The Cabinet today approved a budget ceiling of IL 405 billion for the fiscal year 1980-81, beginning April 1. It is based on a predicted inflation rate of six percent per month for the first six months of the fiscal year and a four percent rate thereafter.
But economic experts contended today that the new budget is already obsolete since it is based on the value of the Pound as of October, 1979. The Pound has since eroded by another 30 percent and in those terms the true budget amounts to IL 653 billion. The economists also maintained that the Treasury was deliberately underestimating the rate of inflation for the next fiscal year.

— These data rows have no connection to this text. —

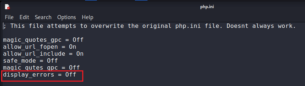 - WAS 설정 파일(위 예시는 php 설정 파일)에서 에러메시지는 출력 되지 않도록 설정해야 한다.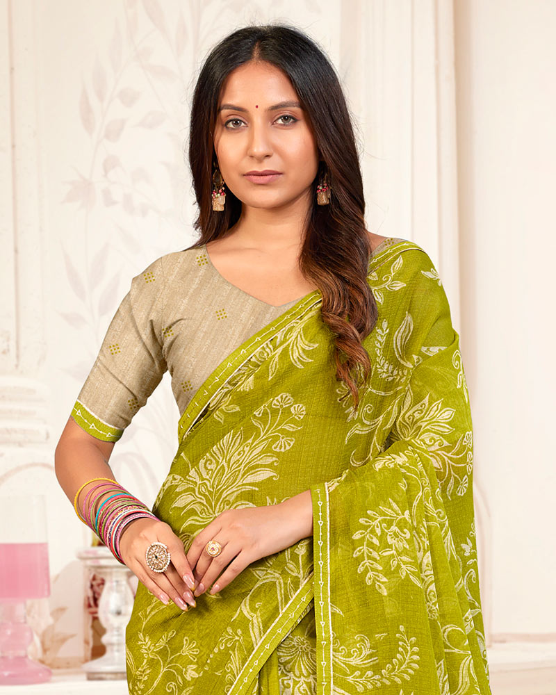 Vishal Prints Olive Yellow Printed Chiffon Saree With Fancy Border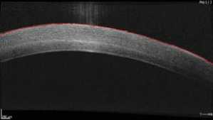 Рис. 3. Гиперрефлективный сигнал от передней стромы роговицы при ОКТ-исследовании роговицы демаркационной линии при ОКТ-исследовании роговицы.
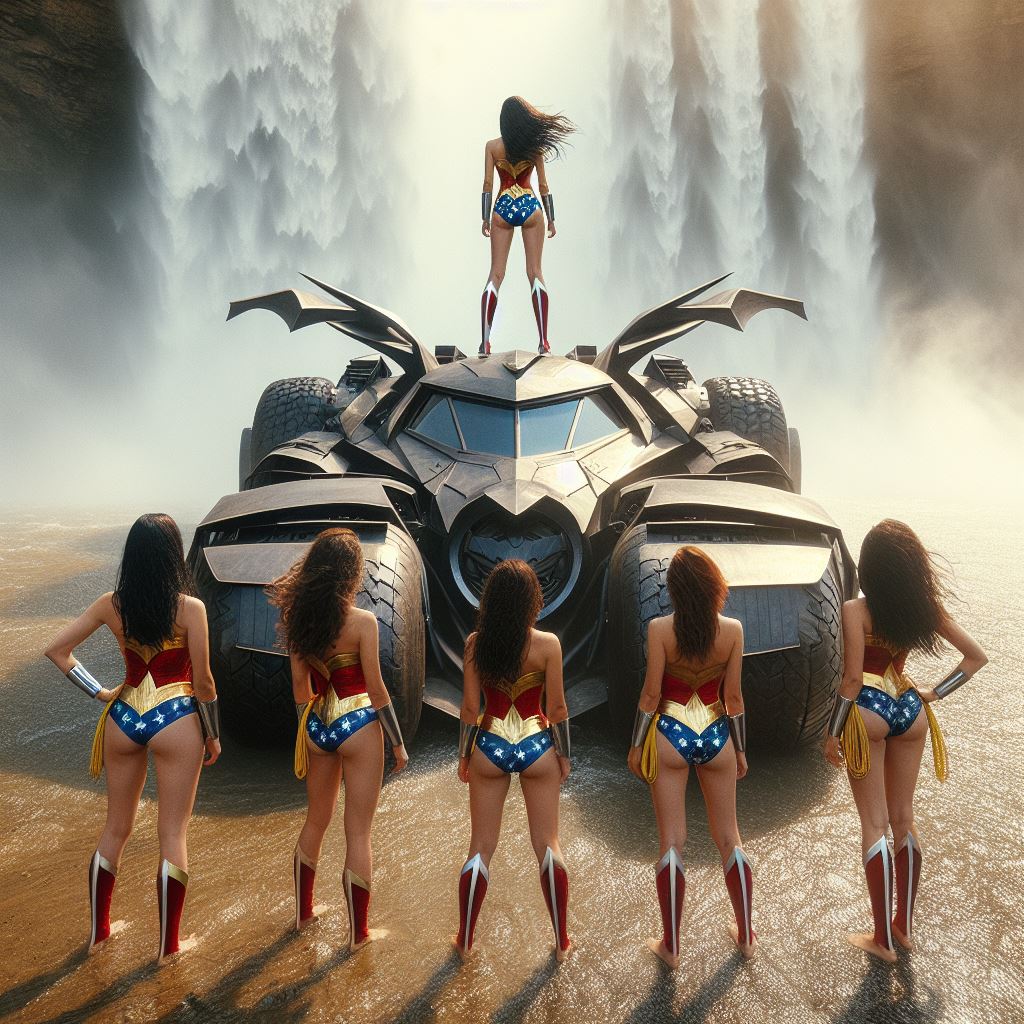 More perfection. Gotta love the extra metal hinge or whatever sticking out of the batmobile so the leftmost Wonder Woman can rest her foot.

Approval of the budget is regarded as only a temporary victory for Finance Minister Yigal Hurwitz An understanding was readied among the various ministers last week to extract additional funds for housing, welfare and settlements from the budget reserves. This would leave the Treasury with virtually no reserves and Hurwitz may have no choice but to abandon his IL 405 billion ceiling. Hurwitz himself said today that the budget will be updated by mid-year according “to the developments in the economy.”
According to the Treasury’s forecast of a limited rise in the inflation rate, the exchange rate of the Pound to the dollar will be IL 50-51 by next September. The prices of basic commodities such as oil fuel, bread and public transportation will be some 50-60 percent higher than at present.
Economic observers noted that the Treasury made a point of predicting a modest rise in inflation because a higher forecast would have created a public reaction that would make such a forecast a self-fulfilling prophecy.